WASHINGTON – Four individuals pleaded guilty today in Detroit for their roles in a $14 million Medicare fraud scheme. In a separate case, the owner of a Detroit psychotherapy clinic also pleaded guilty today for his role in a $3 million Medicare fraud scheme.
The guilty pleas were announced by the Department of Justice, the FBI and the Department of Health and Human Services (HHS).
Curtis Mallory, 38, Theodore Haile, 33, Maira Suleman, 31, and John Thomas, 33, each pleaded guilty before U.S. District Judge Denise Page Hood of the Eastern District of Michigan to one count of conspiracy to commit health care fraud. Gerald R. Funderburg Jr., 32, pleaded before U.S. District Judge Stephen Murphy in the Eastern District of Michigan to one count of health care fraud.
According to court documents, Mallory, Haile, Suleman and Thomas participated in a fraud scheme at two Oakland County, Mich., home health agencies, Patient Choice Home Care Inc. and All American Home Care Inc. Mallory and Haile were patient recruiters for the home health agencies and admitted to paying kickbacks to Medicare beneficiaries in exchange for the beneficiaries’ Medicare information and signatures on therapy documents. The owners and operators of Patient Choice and All American paid Mallory and Haile for each patient they recruited, and then billed Medicare for physical therapy services that were medically unnecessary and never provided.
Thomas was a physical therapist for Patient Choice and All American and admitted that he was paid to fabricate therapy documents at the home health agencies for patients who did not receive and/or did not need the services billed by the agencies to Medicare. According to court documents, Suleman was the office manager at Patient Choice. Suleman admitted that she oversaw data entry at Patient Choice and designed various systems to facilitate the entry of false billing data into electronic databases used to bill Medicare. Suleman also admitted that she worked with recruiters and physical therapists to collect and maintain pre-signed visit forms used by the therapists to fabricate false therapy visit documents.
According to court documents in the separate case against Funderberg, from November 2006 to April 2011, Funderberg knowingly used the Medicare information of approximately 476 beneficiaries, without their consent, to bill Medicare for psychotherapy services purportedly rendered by his company, Funderburg Clinical and Community Services Inc. (FCCS). These services were medically unnecessary and/or were never provided. To implement the scheme, Funderburg admitted that he obtained the Medicare information of licensed social workers without their knowledge and used this information at FCCS to claim that these social workers provided individual and group psychotherapy sessions.

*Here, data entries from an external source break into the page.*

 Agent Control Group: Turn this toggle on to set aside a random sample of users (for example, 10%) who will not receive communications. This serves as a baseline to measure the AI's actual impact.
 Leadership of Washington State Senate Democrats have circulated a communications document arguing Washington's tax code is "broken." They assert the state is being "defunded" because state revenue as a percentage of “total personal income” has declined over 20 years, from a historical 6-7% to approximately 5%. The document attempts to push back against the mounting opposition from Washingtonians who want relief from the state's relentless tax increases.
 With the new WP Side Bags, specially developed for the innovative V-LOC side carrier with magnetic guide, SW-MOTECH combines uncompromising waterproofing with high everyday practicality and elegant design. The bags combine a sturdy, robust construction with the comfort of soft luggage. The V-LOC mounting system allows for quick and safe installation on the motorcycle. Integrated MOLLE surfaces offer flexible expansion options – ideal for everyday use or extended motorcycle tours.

Funderburg admitted that he caused FCCS to submit approximately 4,658 claims to Medicare, totaling approximately $3.3 million, for psychotherapy and related services that were not provided and/or were not medically necessary.

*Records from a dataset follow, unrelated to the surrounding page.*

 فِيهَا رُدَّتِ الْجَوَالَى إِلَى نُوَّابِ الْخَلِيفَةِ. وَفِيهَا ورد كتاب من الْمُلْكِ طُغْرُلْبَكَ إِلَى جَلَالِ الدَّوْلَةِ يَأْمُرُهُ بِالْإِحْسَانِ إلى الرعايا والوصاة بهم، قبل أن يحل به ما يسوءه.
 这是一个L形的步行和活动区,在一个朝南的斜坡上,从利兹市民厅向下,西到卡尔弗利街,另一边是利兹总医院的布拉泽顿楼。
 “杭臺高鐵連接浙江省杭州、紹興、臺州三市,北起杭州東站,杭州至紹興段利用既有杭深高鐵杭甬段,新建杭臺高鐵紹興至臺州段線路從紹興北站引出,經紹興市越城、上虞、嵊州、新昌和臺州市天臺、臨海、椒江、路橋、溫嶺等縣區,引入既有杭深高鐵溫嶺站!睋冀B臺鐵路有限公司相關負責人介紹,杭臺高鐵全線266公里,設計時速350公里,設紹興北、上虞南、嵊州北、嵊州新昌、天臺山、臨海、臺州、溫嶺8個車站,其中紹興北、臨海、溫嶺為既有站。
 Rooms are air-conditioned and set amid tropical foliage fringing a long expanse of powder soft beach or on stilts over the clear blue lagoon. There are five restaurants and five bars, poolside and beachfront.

Sentencing for Mallory, Haile, Suleman and Thomas is scheduled for April 19, 2012. Sentencing for Funderberg is scheduled for June 8, 2012. Each defendant faces a maximum penalty of 10 years in prison and a $250,000 fine.
Today’s pleas were announced by Assistant Attorney General Lanny A. Breuer of the Criminal Division; U.S. Attorney for the Eastern District of Michigan Barbara L. McQuade; Special Agent in Charge Andrew G. Arena of the FBI’s Detroit Field Office; and Special Agent in Charge Lamont Pugh III of the HHS Office of Inspector General’s (HHS-OIG) Chicago Regional Office.
The cases are being prosecuted by Assistant Chief Gejaa T. Gobena and Trial Attorney William Kanellis of the Criminal Division’s Fraud Section. The cases were investigated by the FBI and HHS-OIG, and were brought as part of the Medicare Fraud Strike Force, supervised by the Criminal Division’s Fraud Section and the U.S. Attorney’s Office for the Eastern District of Michigan.
Since their inception in March 2007, the strike force operations in nine districts have charged more than 1,160 individuals who collectively have falsely billed the Medicare program for more than $2.9 billion. In addition, HHS’s Centers for Medicare and Medicaid Services, working in conjunction with the HHS-OIG, is taking steps to increase accountability and decrease the presence of fraudulent providers.